Synthetic Data for Pre-training and Replay

Building on advances in generative diffusion models, synthetic images can be generated for unseen classes and used for either initial feature extractor training or as replay data during incremental phases. Strategies that employ text-to-image models for anticipated “future” classes have demonstrated substantial performance improvements in EFCIL scenarios over real auxiliary datasets, especially when diversity in synthetic samples is emphasized (2404.03200, 2306.17560).

Task Prediction via Likelihood Ratio

In traditional CIL, the absence of a task identifier at inference poses task prediction challenges. The TPL (Task-id Prediction based on Likelihood Ratio) method frames task prediction as a Neyman–Pearson likelihood ratio test between the probability of a sample under the current task’s distribution and the union of the others. This score, when combined with Mahalanobis and KNN-based density estimators, robustly solves this problem and achieves negligible catastrophic forgetting (2309.15048).

Active Selection and Class Balance

Label-efficient CIL methods are moving from random or few-shot sample annotation toward active selection from large unsupervised pools (Active CIL or ACIL).
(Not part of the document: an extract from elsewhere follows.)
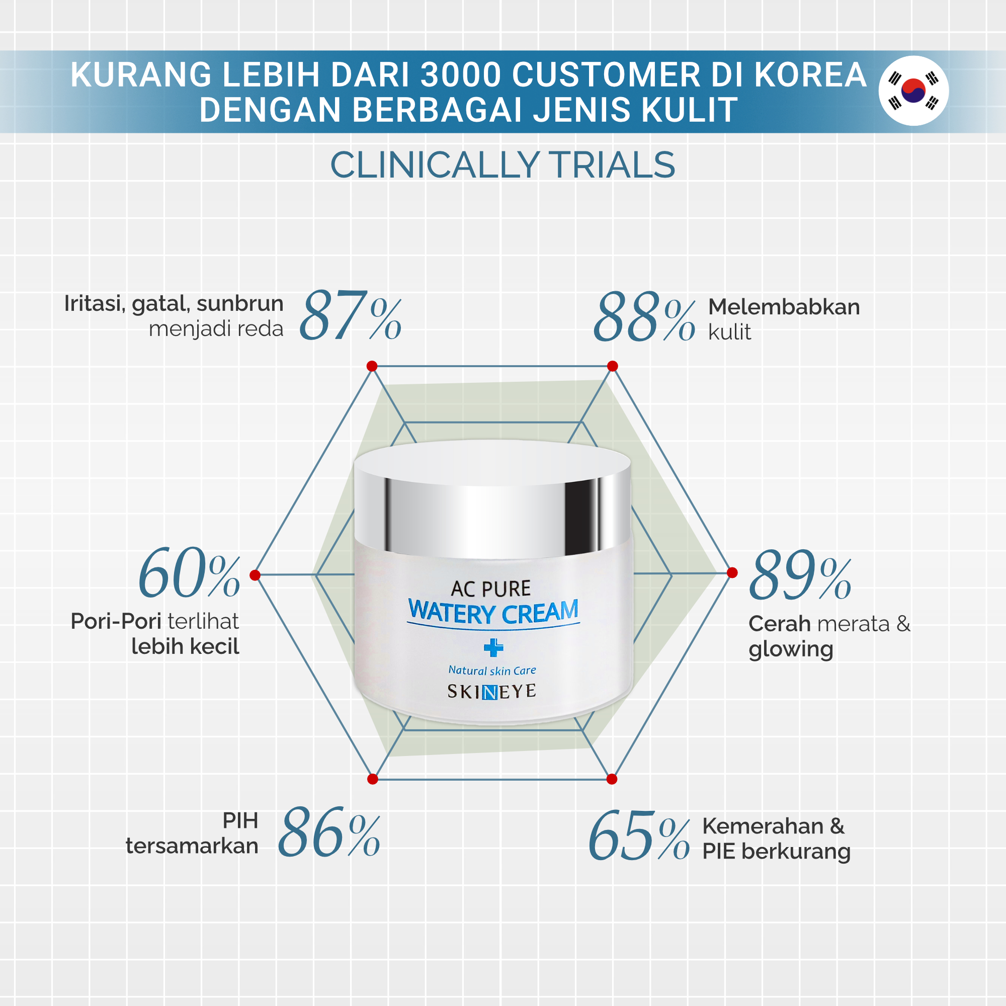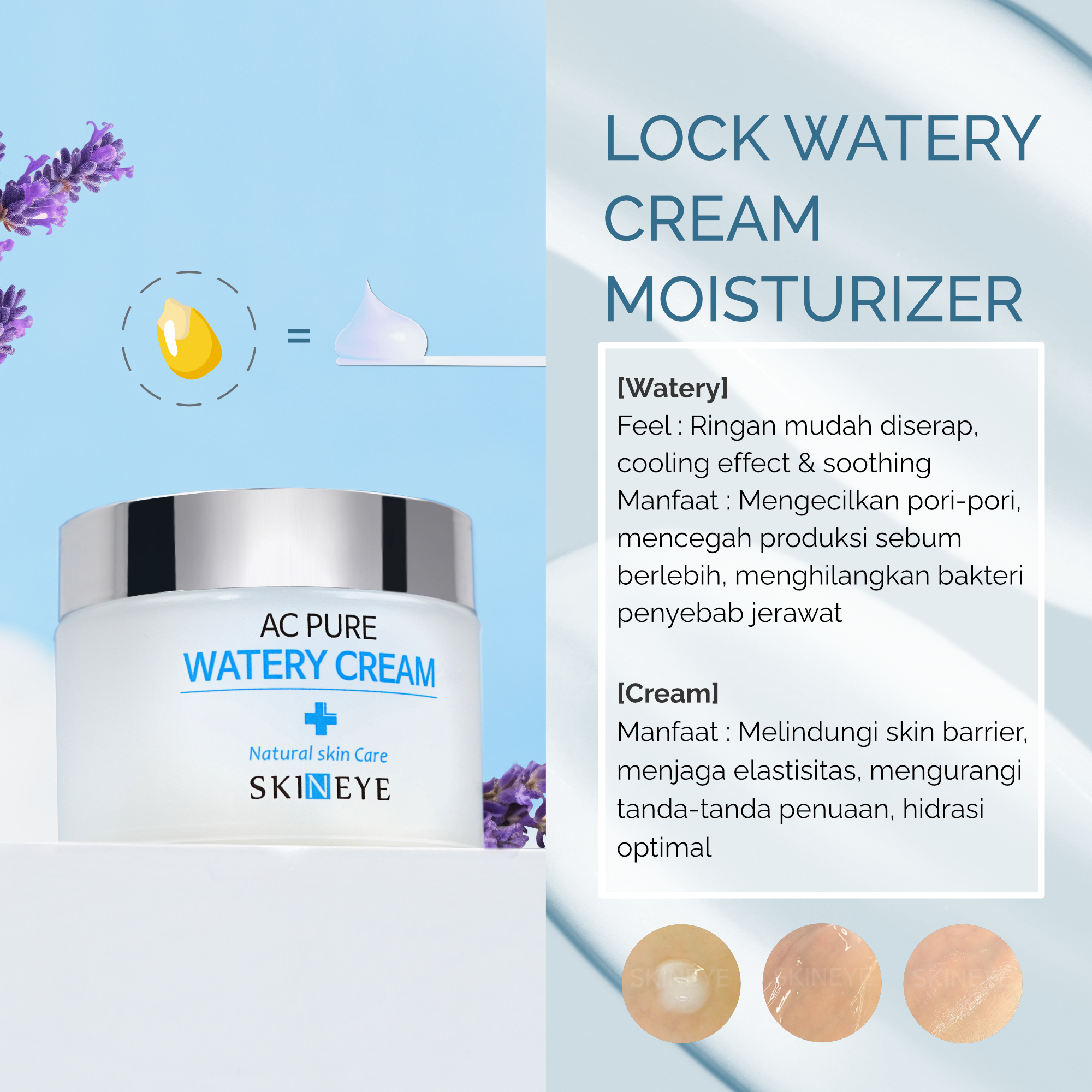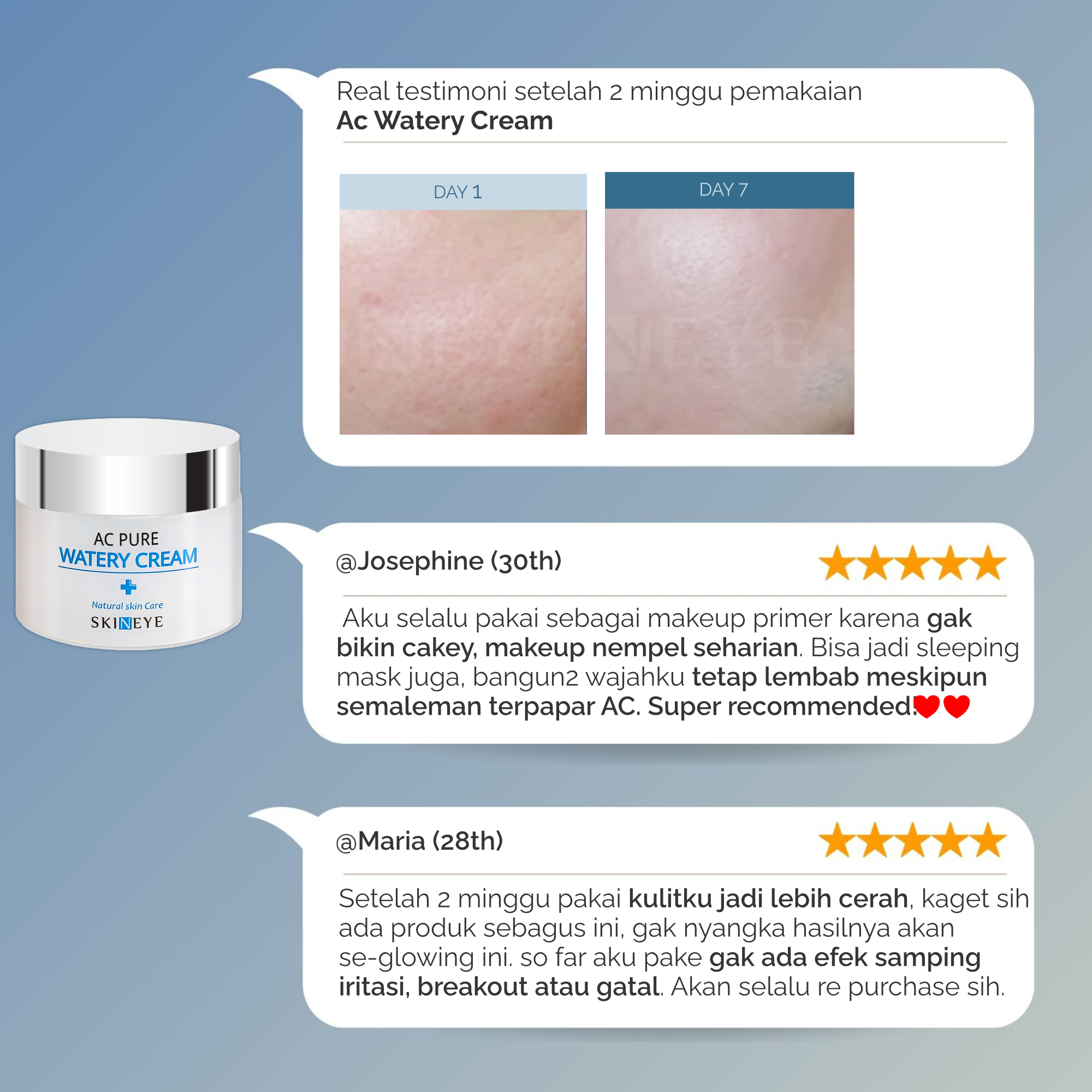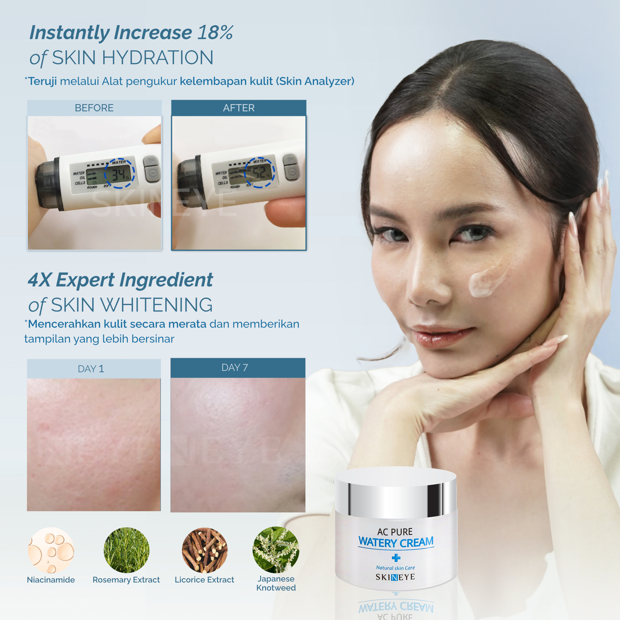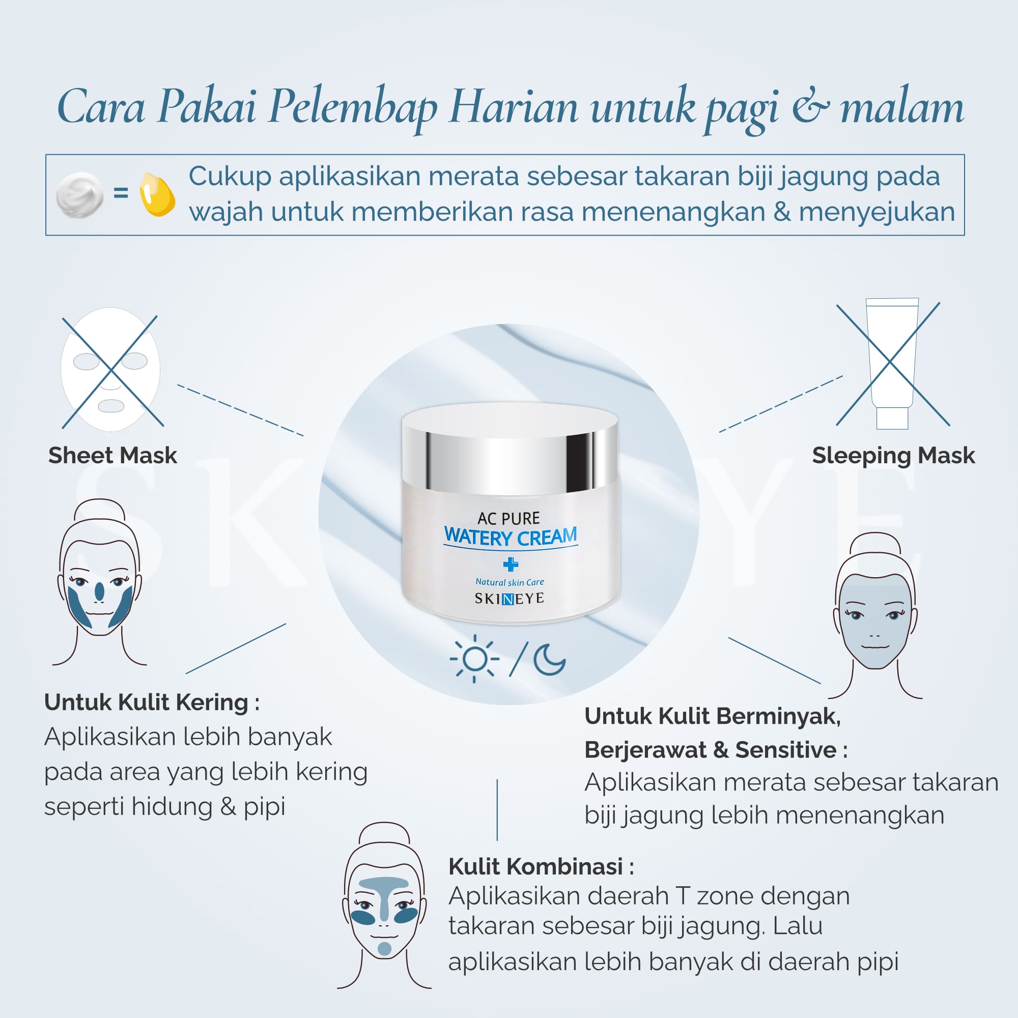 Cara pakai : Setelah mencuci muka dengan AC Pure Cleansing Foam, aplikasikan AC Pure Watery cream pada kulit wajah sebesar biji jagung. Lalu pijat secara perlahan agar kulit wajah terasa nyaman.

The CBS (Class-Balanced Selection) strategy clusters the feature space and greedily selects samples to minimize the KL divergence between the selected and unlabeled feature distributions within each cluster. This procedure ensures class balance and informativeness, leading to better downstream classification performance and robustness to class imbalance, particularly when integrated with prompt-based pretrained models (2412.06642).
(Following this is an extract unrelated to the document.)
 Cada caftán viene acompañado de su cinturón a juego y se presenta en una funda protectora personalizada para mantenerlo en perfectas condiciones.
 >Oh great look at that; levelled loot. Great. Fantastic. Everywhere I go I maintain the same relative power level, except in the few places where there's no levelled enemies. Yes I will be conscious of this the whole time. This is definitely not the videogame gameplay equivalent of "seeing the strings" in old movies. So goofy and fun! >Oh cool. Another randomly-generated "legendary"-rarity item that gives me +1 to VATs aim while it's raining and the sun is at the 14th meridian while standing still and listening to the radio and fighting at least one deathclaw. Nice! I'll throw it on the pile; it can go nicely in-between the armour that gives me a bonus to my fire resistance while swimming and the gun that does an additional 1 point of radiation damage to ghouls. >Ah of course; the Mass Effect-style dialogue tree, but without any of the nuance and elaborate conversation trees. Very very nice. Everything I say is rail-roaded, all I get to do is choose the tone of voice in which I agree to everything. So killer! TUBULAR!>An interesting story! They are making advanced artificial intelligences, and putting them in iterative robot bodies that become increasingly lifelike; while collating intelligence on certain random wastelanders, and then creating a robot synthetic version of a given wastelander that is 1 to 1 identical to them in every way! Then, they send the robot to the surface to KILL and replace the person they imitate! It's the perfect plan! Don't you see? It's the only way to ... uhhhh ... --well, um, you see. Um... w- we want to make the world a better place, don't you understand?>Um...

7. Applications and Evaluation Protocols

CIL methodologies are evaluated across numerous datasets, including CIFAR-100, ImageNet, fine-grained benchmarks (CUB-200, Flowers-102), video datasets (AVE, Kinetics-Sounds, VGGSound), and audio benchmarks (Audioset). Scenarios consider both balanced and imbalanced splits, small and large domain shifts, disjoint and overlapping classes, and resource-constrained regimes. Performance is reported as average incremental accuracy, forgetting rates, and balanced accuracy on old and new classes (2011.01844, 2208.03767). High-performing approaches demonstrate robust mitigation of forgetting, scalability to thousands of classes, and practical applicability in streaming data and privacy-sensitive environments.


This synthesis reviews the principal challenges, methodological divisions, update mechanisms, preservation strategies, specialized settings, and recent advancements characterizing class-incremental learning, as well as the state-of-the-art empirical results and evaluation standards used in the literature.